Granulomatosis with Polyangiitis (Wegener Granulomatosis) Mimicking Infective Endocarditis

• Published in: European journal of case reports in internal medicine Vol. 1; no. 1
• Main Authors: Rachdi, Imène, Baili, Lilia, Daoud, Fatma, Aydi, Zohra, Zoubeidi, Hana, Ben Dhaou, Basma, Boussema, Fatma
• Format: Journal Article
• Language: English
• Published: SMC MEDIA SRL 02.10.2014
• Subjects: Granulomatosis with polyangiitis, endocarditis, haemocultures, antineutrophil cytoplasmic antibody (ANCA)
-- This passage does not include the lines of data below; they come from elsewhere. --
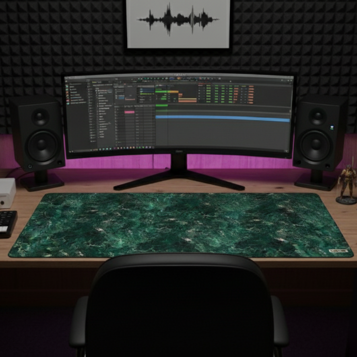 Measuring 36 inches by 18 inches, this mat anchors your peripherals with ease. The deep green tones create a calming environment that reduces visual fatigue during long sessions, while still making your keyboard and mouse stand out. Whether you’re a creative professional working in a studio or a gamer looking for a unique, nature-inspired aesthetic, the Verdant Void provides the perfect surface for your grind.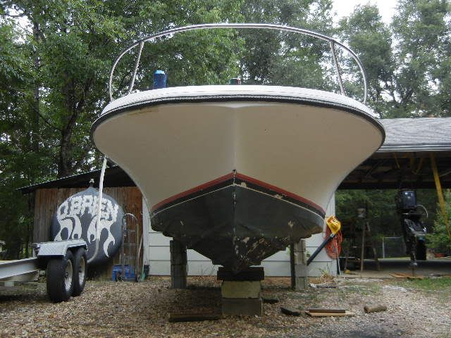 Nice find Reel. (Thanks for helping him out Pete) Great looking project... hope it all works out. I gotta laugh at the number of people that have extra engines lying around (including my 200 Merc also). Just do me one favor.. PLEASE..support that thing better than it is in the back. Yes, it's the little old worry wart popping his head up again, but one good nudge from a car backing up and that boat is on the ground...hopefully with no one under it. Get some cross timbers under the stern. I want to talk with you, not about you.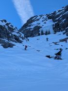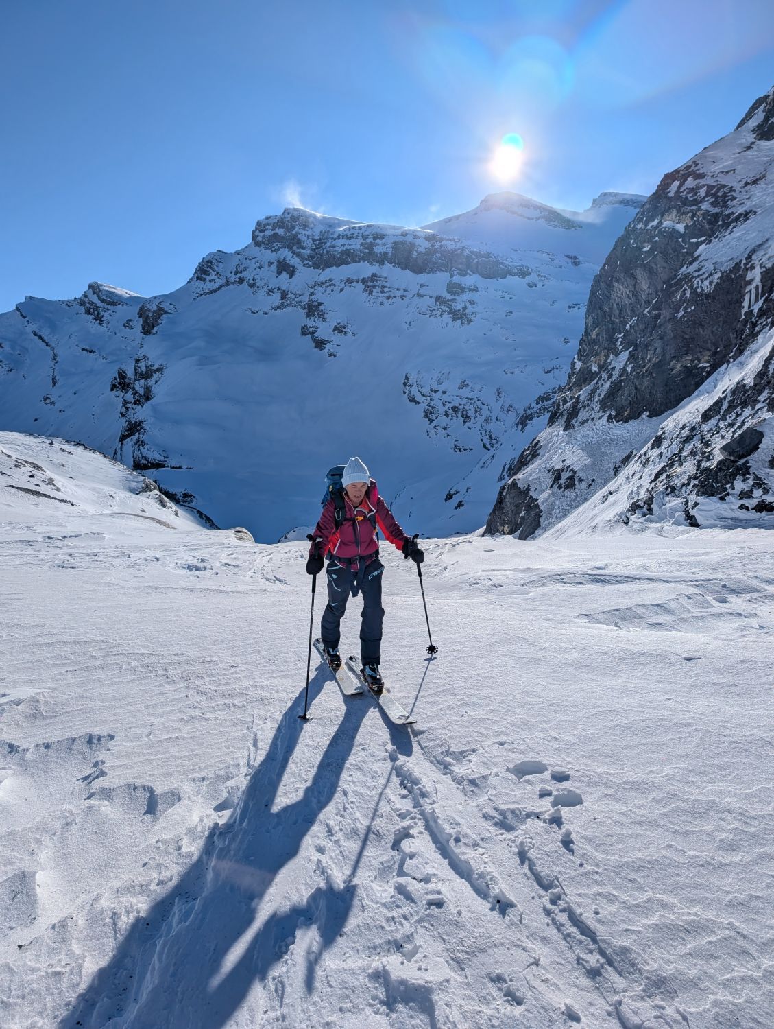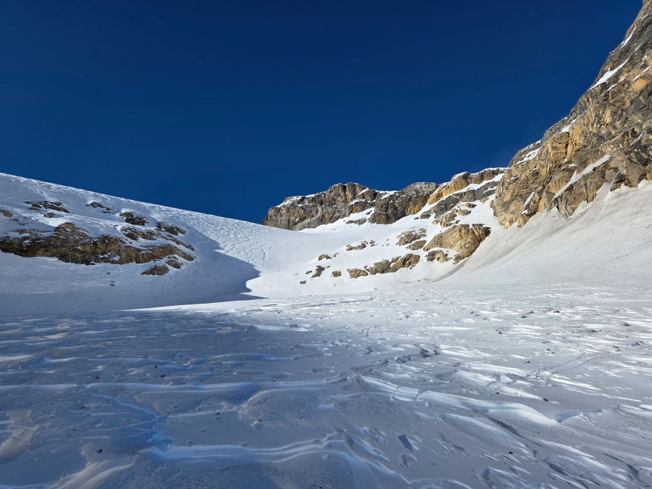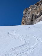 Durchgehend harte Schneeoberfläche. In der Steilstufe nach dem Lämmernboden entweder die Ski kurz schultern oder Harscheisen erforderlich. Runter kann man hier einige Meter mit der nötigen Vorsicht abrutschen. Im Aufstieg auf dem Gletscher, momentan südlich der Felsinsel, gibt es im oberen Teil einige Zastrugis. Abfahrt deshalb mit Vorteil auf der eingezeichneten Route nördlich der Felsinsel. Im oberen Teil durchaus genussvoll abzufahren. Unten bei den Schwüngen in der Abfahrt mehr Feingefühl gefragt. Auf der ganzen Route genügend Schnee, keinerlei Steinkontakt.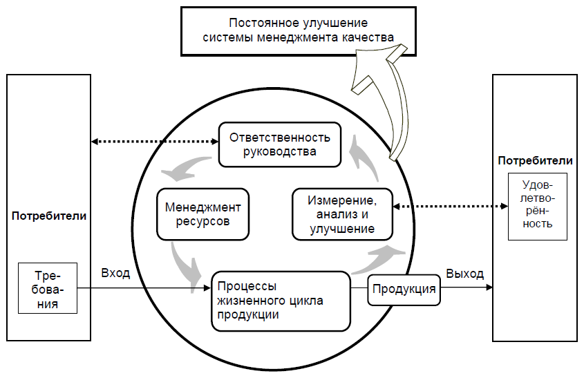 Эволюция развития подхода от управления качеством продукции — до всеобщего управления качеством деятельности организации предполагает создание и обеспечение результативного функционирования системы качества, включающей необходимые организационную структуру, процедуры, процессы и ресурсы [2].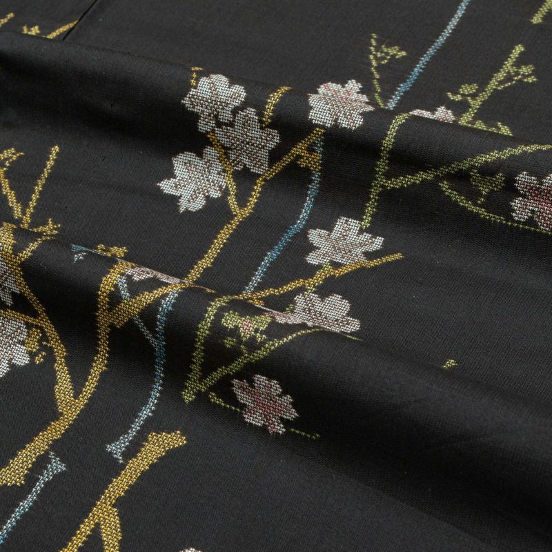 深みのある黒地に、繊細な桜文様が絣で表現され、品格と華やかさを兼ね備えた意匠となっております。

• ISSN: 2284-2594; 2284-2594
• DOI: 10.12890/2014_000116

Introduction Infective endocarditis (IE) has been reported to mimic granulomatosis with polyangiitis (GPA) and to test positive to antineutrophil cytoplasmic antibodies (ANCA), which may lead to a misdiagnosis and inappropriate treatment. Case presentation We report a case of a 59-year-old man admitted for purpura, gangrenous digital infarcts and glomerulonephritis. The diagnosis of IE was initially considered on the basis of heart murmur and two positive haemocultures to corynebacterium. Ineffectiveness of antimicrobial therapy and further neurological and nasal manifestations supported the diagnosis of GPA. Conclusions IE should be ruled out before initiation of immunosuppressive treatment. If the disease progresses despite antimicrobial treatment, vascular diseases should be rapidly taken into account in differential diagnosis and treated early to avoid fatal complications.